Abstract: Grammar engineering is the process of encoding formal grammars in machine-readable form, so that the computer can do the tedious work of verifying analyses against data. In this talk, I will give an overview of two long-standing projects which aim to facilitate the use of grammar engineering for linguistic research: The Grammar Matrix and AGGREGATION Projects. The Grammar Matrix (Bender et al 2002, 2010) is an open-source toolkit for helping create implemented precision grammars based on a shared core grammar and a series of typologically informed 'libraries'. The Grammar Matrix itself provides an interesting test-bed for typological generalizations, as each new library must be interoperable with existing ones. The Grammar Matrix solicits a linguistic description through a web questionnaire and then outputs a grammar to spec.

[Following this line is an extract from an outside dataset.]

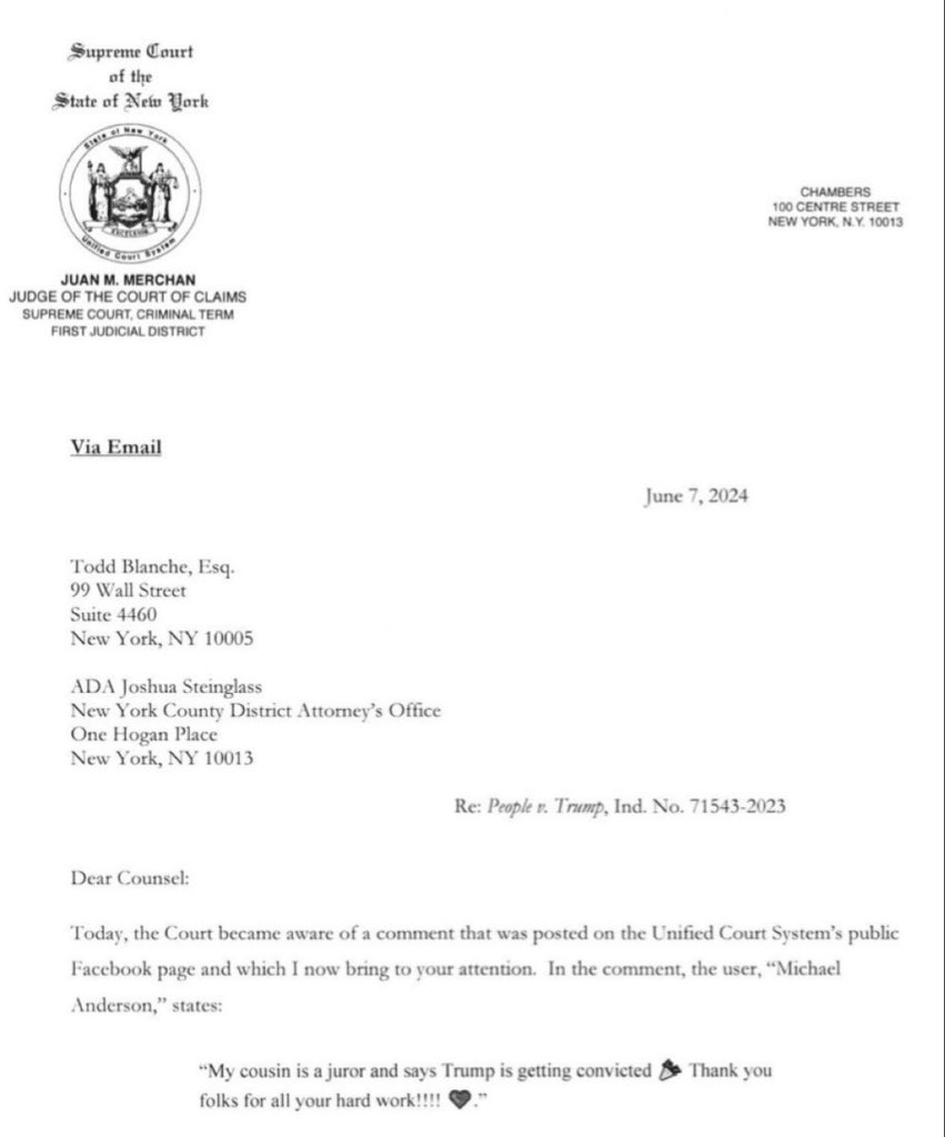 法官剛剛發電郵通知控辯雙方,一名懷疑是案中陪審團表兄弟的人,在陪審團裁決前一晚,在Facebook預告翌日特朗普將被定罪並表示要慶祝。 https://t.co/eqWtKqJPHW
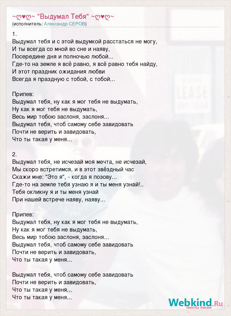 1. Выдумал тебя и с этой выдумкой расстаться не могу, И ты всегда со мной во сне и наяву, Посередине дня и полночью любой... Где-то на земле я всё равно, я всё равно тебя найду, И этот праздник ожидания любви Всегда я праздную с тобой, с тобой... Припев: Выдумал тебя, ну как я мог тебя не выдумать, Ну как я мог тебя не выдумать, Весь мир тобою заслоня, заслоня... Выдумал тебя, чтоб самому себе завидовать Почти не верить и завидовать, Что ты такая у меня... 2. Выдумал тебя, не исчезай моя мечта, не исчезай, Мы скоро встретимся, и в этот звёздный час Скажи мне: "Это я", - когда я позову... Где-то на земле тебя узнаю я и ты меня узнай!.. Тебя окликну я и ты меня узнай При нашей встрече наяву, наяву... Припев: Выдумал тебя, ну как я мог тебя не выдумать, Ну как я мог тебя не выдумать, Весь мир тобою заслоня, заслоня... Выдумал тебя, чтоб самому себе завидовать Почти не верить и завидовать, Что ты такая у меня... Выдумал тебя, чтоб самому себе завидовать Почти не верить и завидовать, Что ты такая у меня... Что ты такая у меня...

The AGGREGATION project (Bender et al 2013, Howell et al 2017, Zamaraeva et al 2019) is exploring methods for automatically answering the Grammar Matrix questionnaire on the basis of collections of interlinear glossed text produced by linguists working in the field. In the short-term this project provides useful feedback to the linguist about patterns in their data, facilitating the language documentation effort. In the long-term, our goal is to be able to create implemented grammars which can be used to parse interestingly large fragments of the languages at hand. These grammars should be useful for both linguistic research and ultimately language technology.
-
Sabrina Bendjaballah, Université de Nantes
Title: On Descriptive Adequacy
Abstract: On the surface, linguistic fieldwork is confronted with a dizzying wealth of variation. However, this wealth of variation turns out to be neither arbitrary, nor unlimited. The linguistic expressions we observe on the surface are manifestations of general principles that limit the logical space of variation by defining the mechanisms that allow the creation of linguistic expressions. The methodological principle behind this hypothesis consists in the meticulous study of the particular phenomena in each language from a universalist perspective. Rather than simply taking stock of particular, language-specific observations, these phenomena are taken to reveal interesting facts about the interplay of general properties of the human language faculty. This research project cannot succeed without a reliable, grammatically structured database. I illustrate how such a database can give rise to robust generalizations with the example of Modern South Arabian languages (minority languages with an oral tradition spoken in the south of the Arabian Peninsula: Yemen, Oman). The data will be mainly from morpho-phonology.
-
Steven Bird, Charles Darwin University & Nawarddeken Academy & University of California Berkeley
Title: Sparse Transcription: Representing and Processing Oral Languages
Abstract: In the rush to document the world's endangered languages, the "transcription bottleneck'' is often cited as the main obstacle standing in the way of efforts to make large quantities of recorded speech amenable to translation, analysis, and pedagogy. One solution is to extend methods from automatic speech recognition and machine translation to low-resource scenarios and recruit linguists to provide phonetic transcriptions and sentence-aligned translations. However, I believe that these approaches are not a good fit with the interests and aptitudes of speakers, and with long-established transcription practices that are essentially word based. In seeking a new approach, I consider a century of transcription practice in linguistics and a variety of computational approaches, before proposing a computational model which I call "sparse transcription''. This represents a shift away from current assumptions that we transcribe phones, transcribe fully, and transcribe first. Sparse transcription combines the orthodox practice of word transcription with interpretive, iterative, and interactive processes which are amenable to wider participation and which open the way to new tools for efficient processing of oral languages.
-
Michel Jacobson, Très Grande Infrastructure de Recherche Huma-Num
Title: FAIR deals?
Abstract: The new acronym FAIR (findable accessible interoperable reusable) summarizes concerns which seem clear and self-evident, but which constitute ever renewed challenges in a digital environment characterized by the rapid evolution of all its technological layers. I will try to show how the Linked Data movement can help to address some of these issues. I will also show that important issues that shine through when discussing FAIR data concern sustainability and long-term conservation.
|